Dca: di quale identità parliamo?

Sappiamo che questi disturbi sorgono prevalentemente durante l’adolescenza, questa però non è una regola. In questa sede, riportiamo alcune delle testimonianze raccolte in ambito sportivo.

Ragazzo-anni16: “Avevo 3 kg in più e ho iniziato a fare sport. Mi pesava molto guardarmi allo specchio, confrontarmi con gli altri [..] facendo sport ho conosciuto coetanei che sono stati da subito un grande stimolo. La maggioranza è in forma e questo mi ha spinto ad allenarmi di più, mangiando lo stretto indispensabile. Ho tolto i carboidrati, l’hamburger preferisco farlo io, per avere la sicurezza del macinato. Ho perso 10 kg ma credo di dover ancora limare qualcosa!”

Ragazza-anni 15: “Ho subito problemi a casa e contemporaneamente i miei amici mi facevano notare come fisicamente non ero al “top”, dal nervoso ho eliminato qualche alimento qua e là, fin quando sono riuscita a saziarmi con un pasto al giorno, che era la pasta o la carne, frutta e verdura totalmente eliminate. Ora, la “consistenza della carne” è diventata indigeribile per me, infatti, la evito. Sono dimagrita, ma comunque c’è qualcosa che non rispetto agli altri.”

Ragazza-anni 26: Più volte ricaduta in DCA. “La prima volta avevo 10 anni, alcune compagne di classe scrivevano lettere che parlavano della mia fisicità, le ritrovavo nello zaino. I miei genitori avevano altri problemi quindi da brava bambina non parlavo. Ricordo che mangiavo poco, alcune volte vomitavo[..] una compagna di classe trovò una lettera e oltre a farla vedere all’insegnante la vide mia madre, presero accordi, ero “sotto osservazione”, se non avrei invertito la rotta stesso la mia famiglia mi avrebbe portato da chi di dovere.”

“La seconda volta avevo 23 anni, tra lo stress universitario. I drammi familiare e i problemi con il mio ragazzo di allora. Ci sono ricaduta! La mancanza di autostima, la non accettazione, il vedere gli altri perfetti …e io? [..]Sono svenuta a lavoro, mangiavo il minimo e il corpo mi ha tradito. Questa volta, un amico ha visto una foto su instagram dove risultavo estremamente magra e mi contattò. Mi ha aiutato! Ho iniziato a pensare che per qualcuno ero visibile”

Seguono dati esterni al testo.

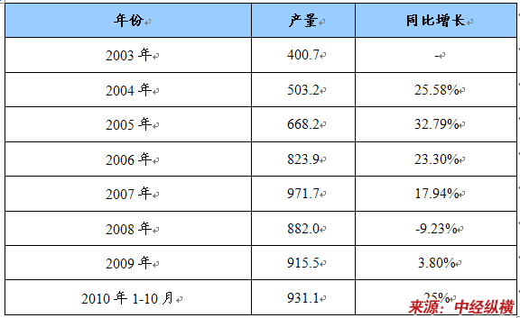 2003年-2010年我国PVC产量 单位:万吨,%

“LA terza volta, un anno fa, a 25 anni, da poco mi ero ripresa dalla volta prima. Il lockdown mi ha giocato una brutta carta e mi sono nuovamente concentrata sul mio aspetto fisico. Durante quel periodo le paure hanno preso il sopravvento e ho ceduto. Ero a un passo da laurearmi nuovamente, e la paura di trovare una giusta occupazione era tanta. Mi tenevo in forma! Gli annunci di lavoro richiedono spesso “bella presenza” e ai colloqui sembra la prima cosa che guardano, prima delle competenze. Stavolta mi sono salvata da sola! Toccare il fondo troppe volte, ti fa venire voglia di risalire”

Donna- anni 46 all’incirca: “Ho iniziato a 16 anni dopo che il mio ragazzo di allora mi tradì con un’altra. Sono attenta ad ogni singolo alimento, i miei mi hanno portato anche in diversi centri, ma io nella mia estrema magrezza ci sto bene. […] controllo anche le calorie dell’acqua se così possiamo definirle. Avere questo tipo di controllo mi fa stare bene.”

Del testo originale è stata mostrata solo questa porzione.